The Harvard Law School Parody is an annual parody musical put on by students at Harvard Law School. Over the Parody's week-long run every spring, more than half of Harvard Law School's entire student body attends the show.

History 

The Harvard Law School Drama Society dates back to 1961.  During its existence, the Drama Society has performed a variety of humorous pieces focused on the law school experience, including musical revues and sketch comedy shows.  Since the late 1980s, the Drama Society has focused exclusively on the Parody.  Recent Parody themes have included The Hark Knight (referring to Harvard Law School's Student Center, known by students as "The Hark," and a spoof of The Dark Knight); Ocean's Replevin (a spoof of Ocean's Eleven); Twilitem: De Novo Moon (a spoof of Twilight); and Martha Minow and the J.D. Factory (referring to Harvard Law School Dean Martha Minow, and a spoof of Charlie and the Chocolate Factory).  More than 70 Harvard Law School Students participate in the Parody every year.

Past Performances 
 2005: Finding Nemo Contributorily Negligent
 2007: The Da Vinci Model Penal Code
 2008: Harry ‘Issue’ Spotter and the Goblet of Breyer
 2009: The Hark Night
 2010: Ocean's Replevin
 2011: Twilitem: De Novo Moon
 2023: Scooby Due Process

2013 Theme - "The Wizard of Laws" 

The 2013 Harvard Law Parody followed Dorothy, Scarebro, Tina Tinman, and Lionel as they attempted to obtain the comb of Wicked Witch Noah Feldman. The HLS Drama Society performed five nights from March 2, 2013 through March 6, 2013.  The show ran to generally positive reviews.

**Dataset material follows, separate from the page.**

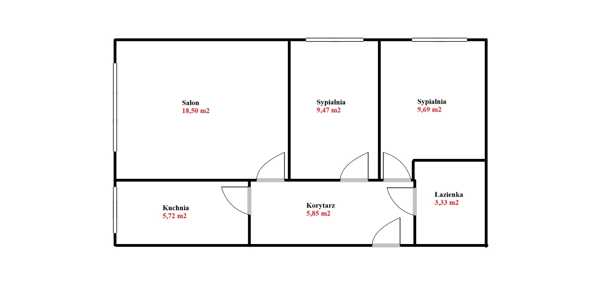 Na powierzchnię 54,90 m² składają się:
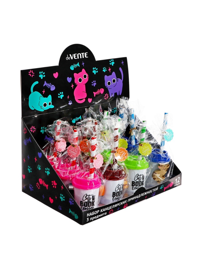Канцелярский набор deVENTE. Funny Cat, 3 предмета, ластик, точилка, чернографитный карандаш HB

2014 Theme - "The Lawyer King: The Circle of Law" 

The 2014 edition of the Parody followed Simba ("It's a very common name"), the 1L son of Dean Minfasa and heir-apparent to the Deanship, and Nala, another 1L, around the HLS campus during orientation, the 1L Cup games, on-campus interviews with law firms, the Ames Moot Court Room, and to the WilmerHale Legal Services Center in Jamaica Plain, MA, as Professor Alan Dershowitz (filling the role of Scar) takes over the campus with the help of the Federalist Society (similar to the hyenas) instead of embarking on his impending retirement.

The show ran five nights from February 27, 2014 through March 3, 2014.  The show featured unprecedented special lighting, audio, and video effects, including lines read by Dershowitz on recorded video as he had moved to New York after retiring in December 2013, as well as the most professor cameos to date in a Parody, including Professors Jon Hanson (filling a Timon-like role), Dean Alexa Shabecoff (in a Pumba-like role), Charles Nesson (filling a Rafiki-like role), Charles Ogletree (as himself), Jeannie Suk (as herself), Bob Bordone (as himself), Jonathan Zittrain (as himself), Dean Martha Minow (in a Mufasa-like role), Dean Ellen Cosgrove (as a Zazu-like character), Dean Mark Weber (as himself),  Mark Tushnet (as himself), and Charles Fried (as himself).  The show was met with a positive review from the HL Record, whose small readership was itself mocked in good taste by the show.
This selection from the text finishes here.